**Exercise requirements**
Would you reproduce exactly, and only, the lines starting at the one with "Concepts for a" and ending at the last line of the data, with both included? Leave the pictures out.

**Source data**
______

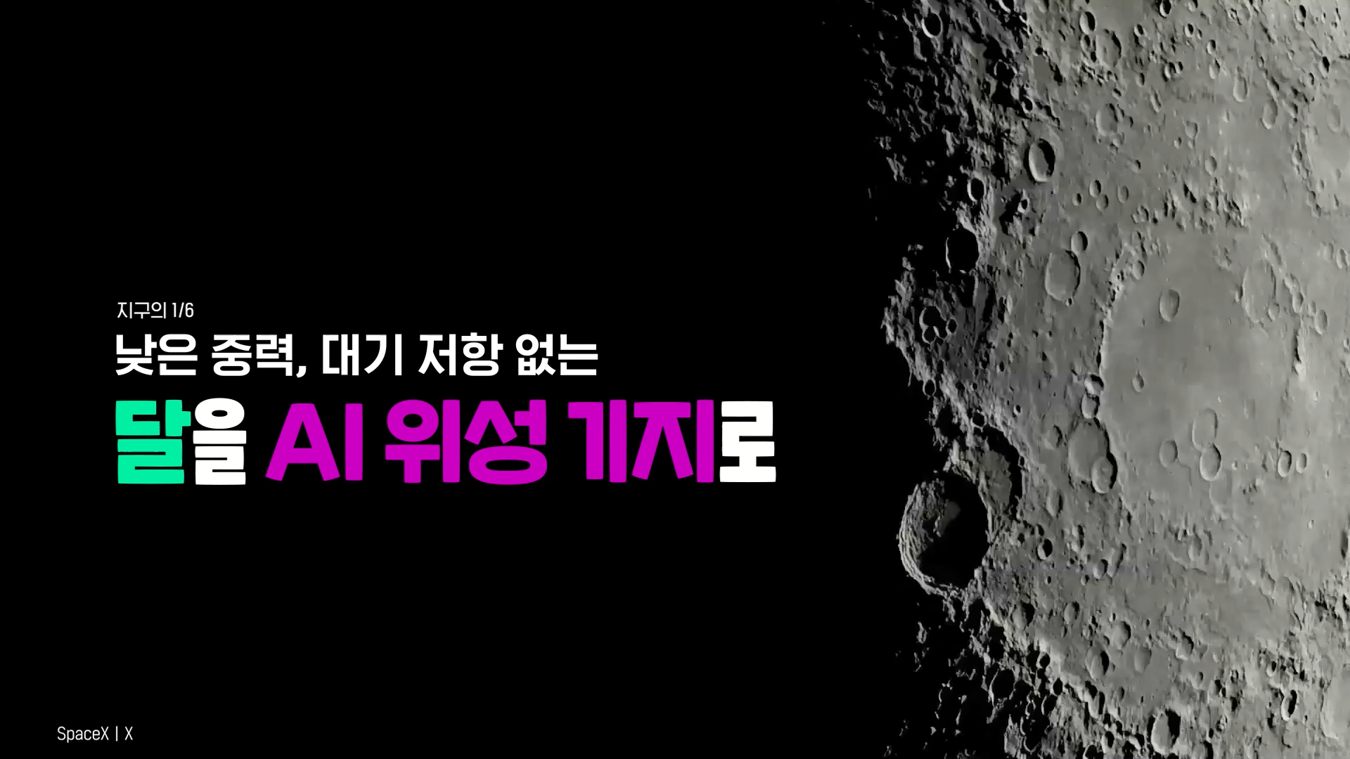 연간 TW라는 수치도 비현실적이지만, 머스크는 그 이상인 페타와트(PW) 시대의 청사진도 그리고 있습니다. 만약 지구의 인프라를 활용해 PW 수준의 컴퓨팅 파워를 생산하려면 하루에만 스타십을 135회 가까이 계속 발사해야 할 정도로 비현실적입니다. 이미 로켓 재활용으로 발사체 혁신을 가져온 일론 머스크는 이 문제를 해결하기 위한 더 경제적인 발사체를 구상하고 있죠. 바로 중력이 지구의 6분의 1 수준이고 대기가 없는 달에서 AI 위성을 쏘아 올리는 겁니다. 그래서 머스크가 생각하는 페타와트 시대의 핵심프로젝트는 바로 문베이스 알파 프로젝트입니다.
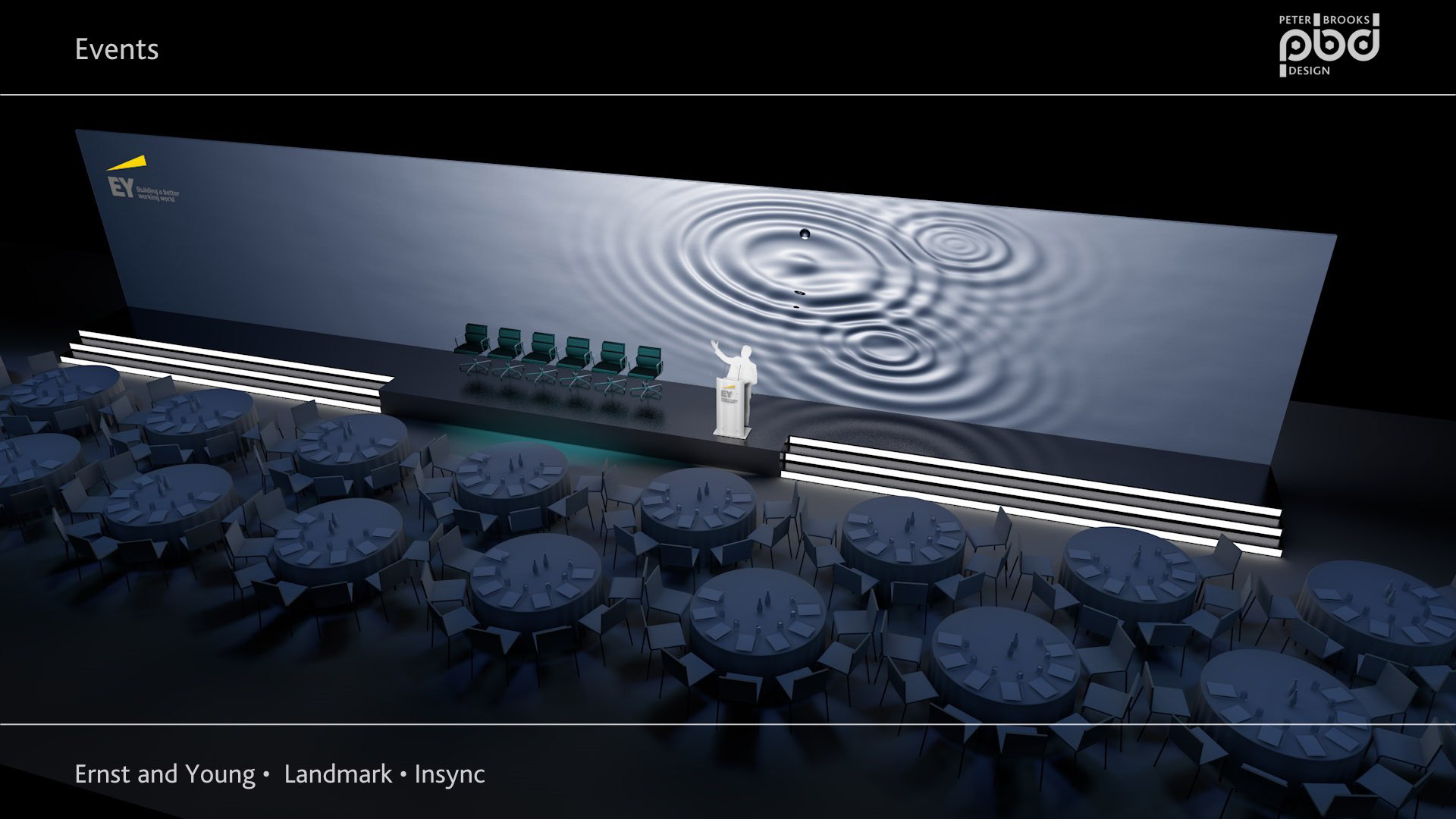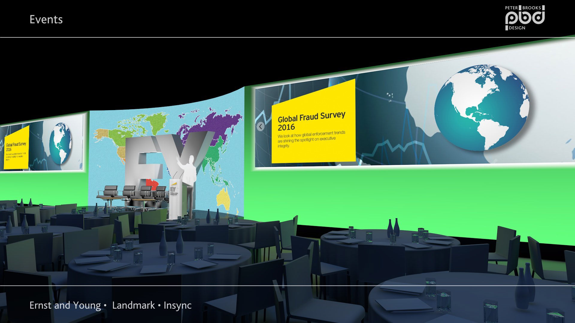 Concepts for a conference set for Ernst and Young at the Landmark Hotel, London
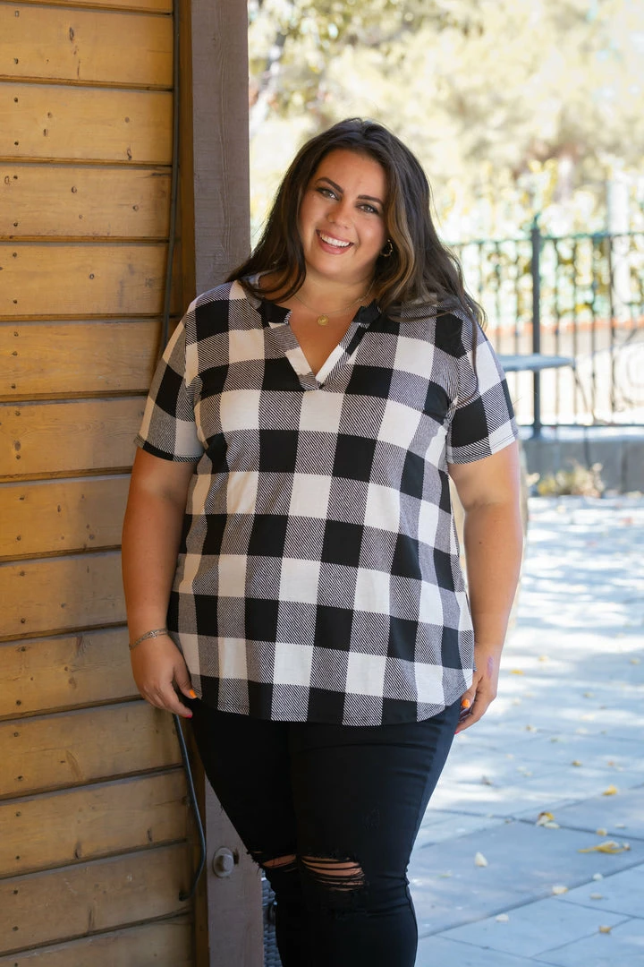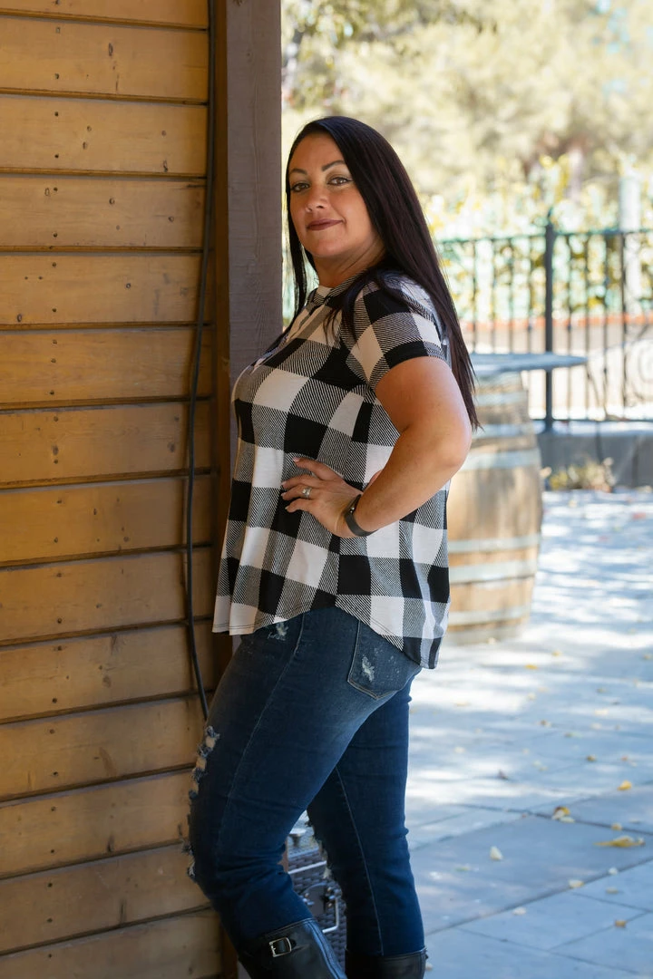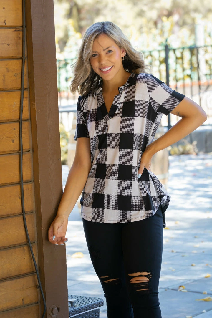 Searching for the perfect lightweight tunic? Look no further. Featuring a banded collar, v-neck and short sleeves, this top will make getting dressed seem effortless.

______

**Result of this task**
 Concepts for a conference set for Ernst and Young at the Landmark Hotel, London
 Searching for the perfect lightweight tunic? Look no further. Featuring a banded collar, v-neck and short sleeves, this top will make getting dressed seem effortless.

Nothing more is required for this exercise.